Na modelação de transportes os princípios conceptuais subjacentes incluem a escolha entre alternativas e a tomada de decisão sobre qual escolher. Assume-se que os indivíduos podem:

- Escolher o destino para onde ir; - Que modo de transporte utilizar; - Que trajeto percorrer;

- Com que frequência realizar a atividade pretendida; - Onde estacionar;

- Em que altura do dia realizar a deslocação;

- Tomar a decisão de antecipar ou retardar a deslocação para evitar situações problemáticas, por exemplo, congestionamentos rodoviários.

O modelo pretende prever as decisões dos indivíduos em cada uma das situações anteriores tendo por base o sistema de transportes, tentando prever a sua disposição para utilizarem o sistema com eventuais alterações que se pretendam introduzir.

Assim, em termos gerais podem distinguir-se três aspetos comuns a todas as abordagens de modelos baseados em atividades (Vovsha e Freedman, 2008a; Davidson et al., 2007):

- Estrutura baseada em jornadas (“tour”), isto é, numa sucessão de deslocações que começam e acabam num local base (casa ou emprego) utilizadas como a principal unidade para a modelação de viagens.
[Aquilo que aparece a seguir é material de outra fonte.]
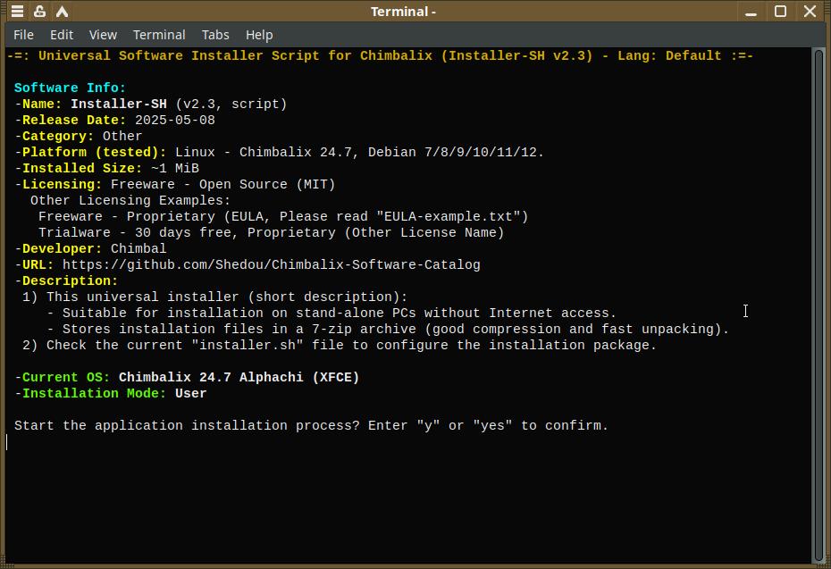 Installer-SH это автономный установочный пакет приложений для Linux, в первую очередь предназначен для дистрибутива Chimbalix, однако способен работать и в прочих линуксах, далее речь пойдёт про Installer-SH версии 2.3, актуальная на текущий момент.
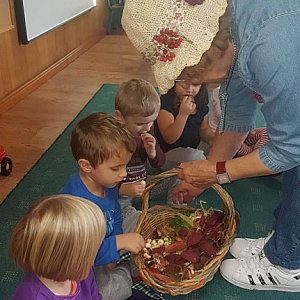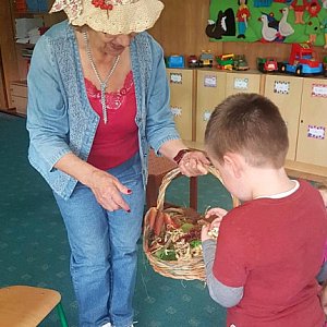 Kolejną atrakcją były odwiedziny studentek Uniwersytetu Trzeciego Wieku, działającego przy Stowarzyszeniu "Duże Różowe Słońce". Panie: Maria Milachowska, Barbara Wypych, Teresa Kowalczyk i Janina Bańkowska, umilały dzieciom czas jesiennymi zabawami oraz czytaniem wierszy i opowiadań na temat drzew i ich owoców. Pani Teresa Fidera zaśpiewała m.in. "Balladę o Sępolence" i przeczytała wiersze z tomiku własnego autorstwa.
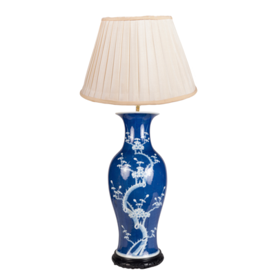 Chinese Blue and White Prunus blossom vase/lamp, circa 1890.
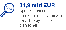 Wartość portfela funduszy własnych wzrosła o 1,0 mld EUR, do 22,1 mld EUR (wykres 8), głównie w wyniku a) reinwestycji przychodów odsetkowych z tego portfela i b) wzrostu wartości rynkowej papierów wartościowych w euro utrzymywanych w tym portfelu, wskutek spadku rentowności obligacji ze strefy euro na koniec roku (wykres 17).
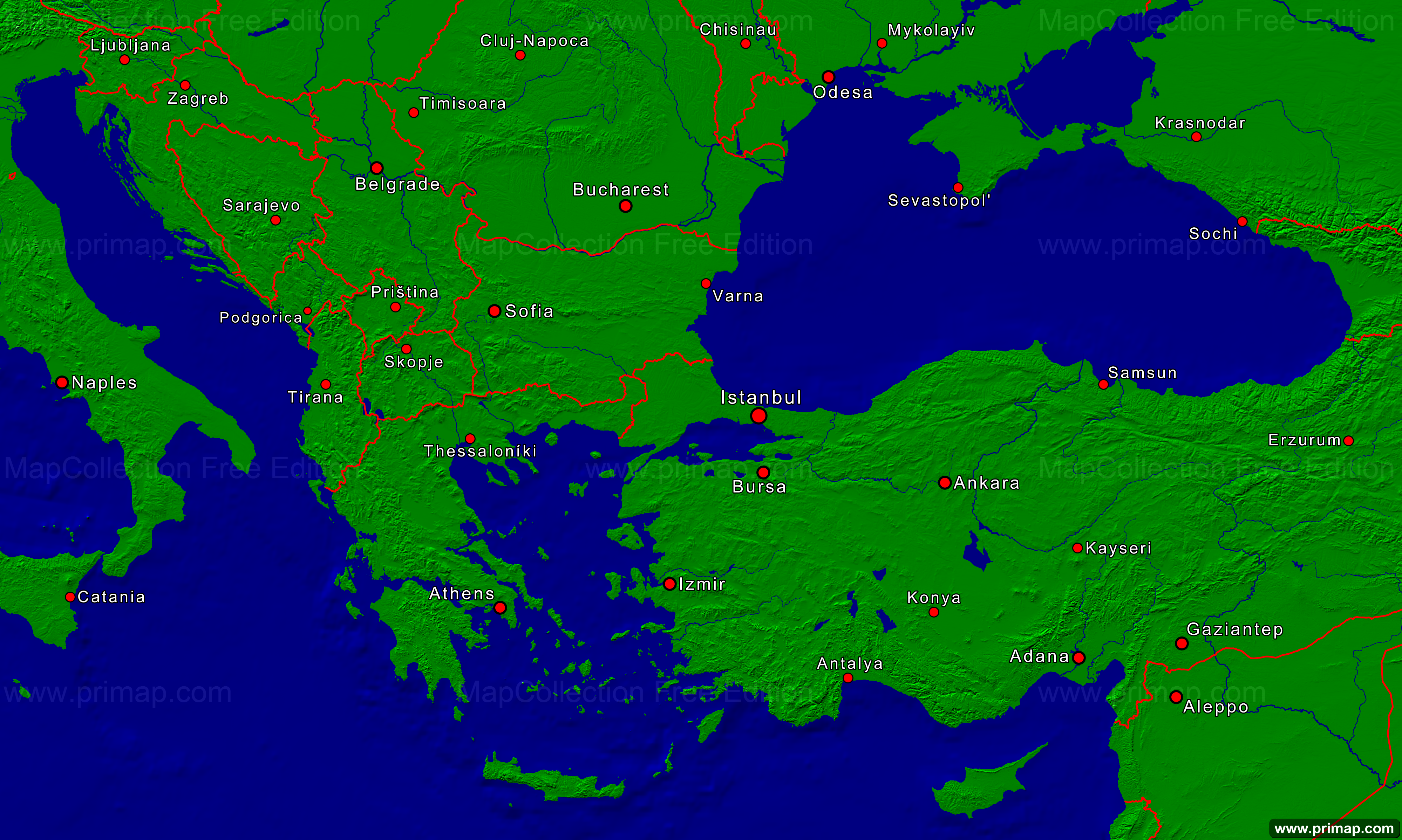 Continental maps - Europe-Southeast - Towns + Borders - 4000x2398 small Font
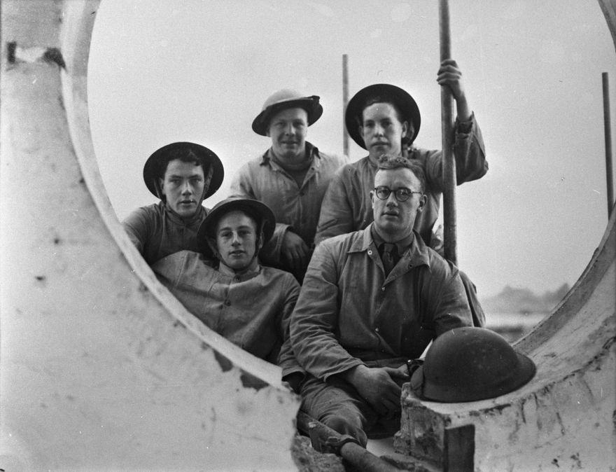 Army engineers dismantling the Post Office clock tower after the 1942 earthquake.
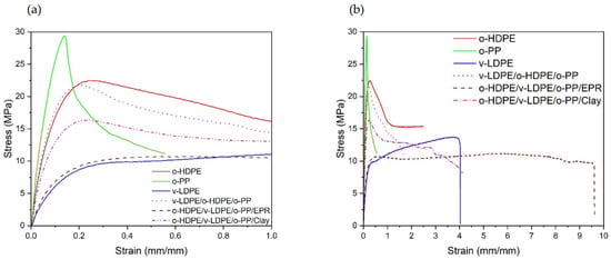 Mechanical properties of polymer blends made of ocean-bound plastic waste with a strain of (a) 0–1 mm/mm and (b) 0–10 mm/mm.
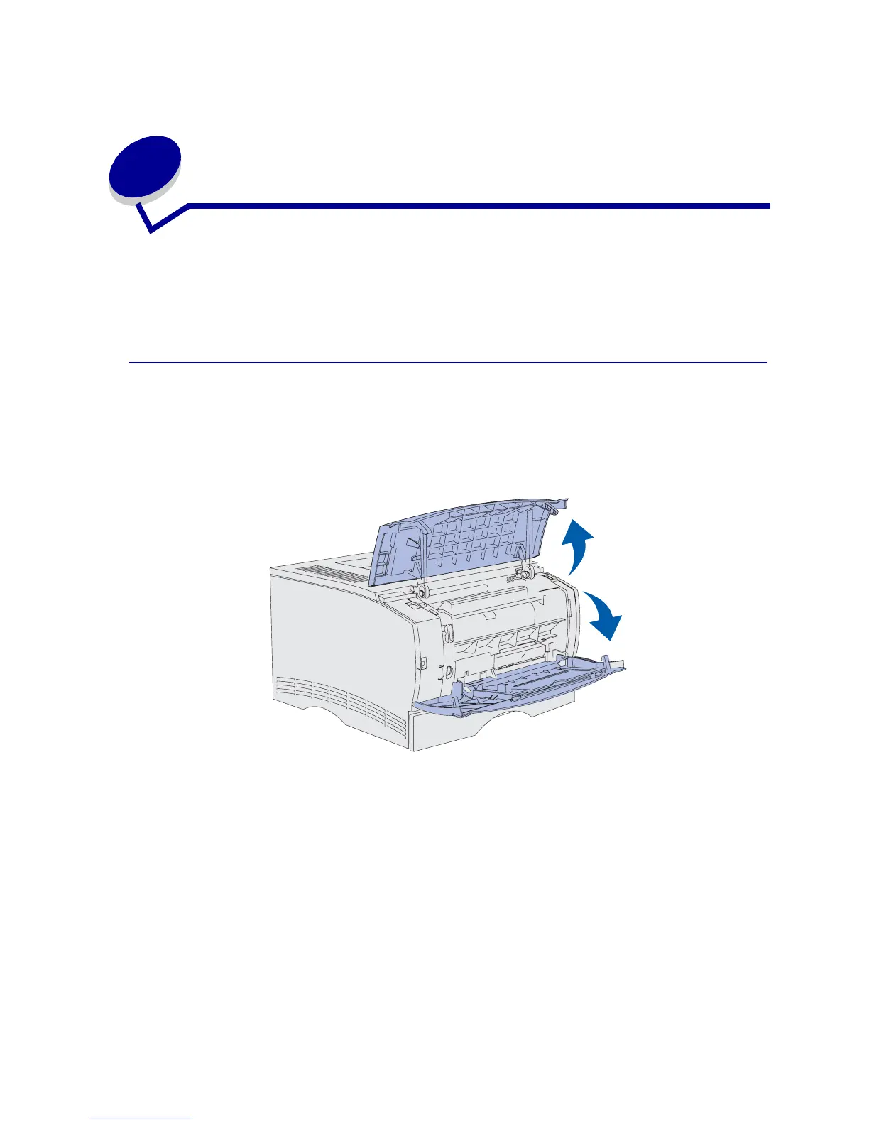 3 Open the upper front door and multipurpose feeder door.

Esta estrutura preserva a consistência entre deslocações da mesma jornada relativamente a questões de viagem como o destino, o modo de transporte ou o período do dia. Mesmo as deslocações não baseadas em casa podem ser relacionadas com deslocações a partir de casa.

- Uma plataforma baseada em atividades que implica que a modelação das viagens seja realizada a partir de atividades diárias do agregado familiar ou de um individuo. Esta plataforma permite a consistência da dimensão tipológica, espacial e temporal dos padrões de atividades individuais, a substituição das atividades domésticas e fora de casa, a duração das atividades em coerência com os tempos de chegada e de partida, interações nos agregados familiares e outros aspetos considerados pertinentes para a análise das atividades.

- Uma técnica de modelação por micro-simulação, aplicada a nível totalmente desagregado de indivíduos ou agregados familiares, que converte as escolhas relacionadas com as atividades e viagens resultantes de modelos de probabilidades fracionadas (“fractional-probability models”) numa série de decisões encadeadas (“crisp decisions”) entre as escolhas discretas. Este método de implementação do modelo origina resultados mais realistas com a aparência de dados de estudos de viagens/atividades.

O uso combinado destes requisitos tem permitido que este tipo de modelação incorpore várias técnicas avançadas de estudos comportamentais não utilizadas pela modelação tradicional dos quatro passos.